The incorrect stimulus resulted in the reverse (30:70) ratio. Thus, on 30% of trials subjects received “misleading” feedback. After 40 trials

the reinforcement contingencies reversed, so that the frequently rewarded stimulus now became frequently punished and vice versa. Each subject completed a pseudorandom fixed sequence of 80 trials. Subjects were instructed that the identity of the correct stimulus could change, but received no information as to how often such a change might occur (for details see Supplemental Experimental Procedures). Details of DNA extraction from the saliva samples and genotyping are described in the Supplemental Experimental Procedures. For DAT1, two alleles of interest were analyzed: the common 10R allele and the rarer 9R allele. The insertion/deletion polymorphism in the SERT promoter region (5HTTLPR) was genotyped BIBW2992 cost for the long (S) or short (L) alleles in combination with the single nucleotide polymorphism rs25531 A/G substitution in the same region. For the behavioral analysis,

we used a biallelic model, where the S allele was grouped with the rare LG allele (indicated as S′), given that the G-substitution in the L allele results in reduced expression more similar to the S allele ( Hu et al., 2006 and Praschak-Rieder et al., 2007). LA alleles were indicated as L′. Given the large sample size, all genotypes could be analyzed separately, which enabled testing for dose-dependent gene effects. In all analyses, GSK1349572 sex, age, and education level were included as covariates of no interest. The statistical significance threshold for all tests was p = 0.05, using a Bonferroni correction where appropriate.
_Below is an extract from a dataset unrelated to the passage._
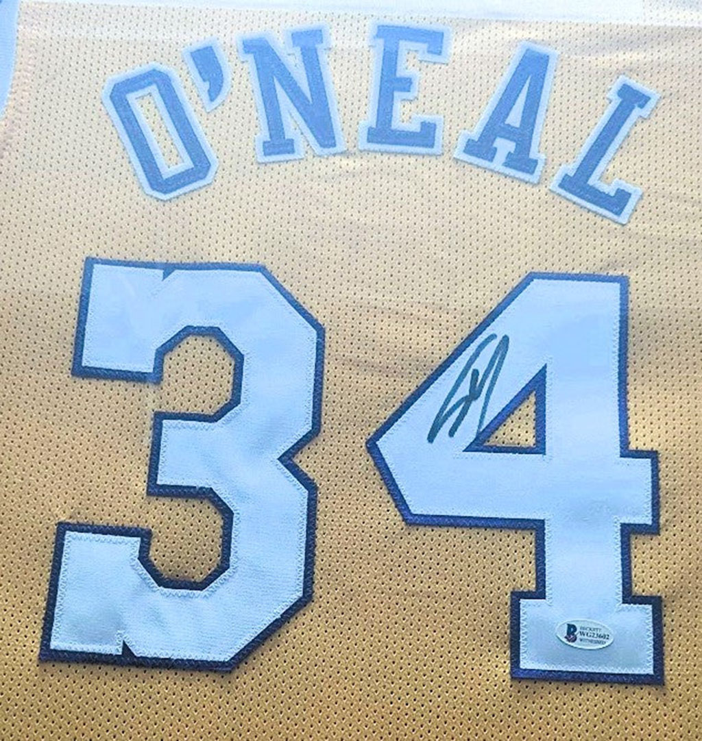 Shaquille O’neal Playera Lakers autografiada autenticada por Beckett WG23602 con tarjeta Enmarcada

To increase sensitivity, we did not use a Bonferroni correction for any of the control analyses. Using the χ2 test, we assessed whether there were any differences between genotype groups in the proportion of subjects passing the acquisition learning however criterion of eight consecutive correct responses, which we report in the Supplemental Experimental Procedures, where we also report baseline effects of task engagement/learning for both the pass and fail groups. Effects of reinforcement on subsequent choice were operationalized as the probability of repeating responses after reward (“win-stay”) and shifting responses after punishment (“lose-shift”) (Figure 1A). Errors during the reversal phase were divided into two types. Perseverative errors were defined as two or more consecutive incorrect choices of the previously rewarded stimulus. Thus, perseverative errors required subjects to erroneously stay with the previously correct stimulus, despite punishment. The remaining errors during the reversal phase were defined as “chance errors.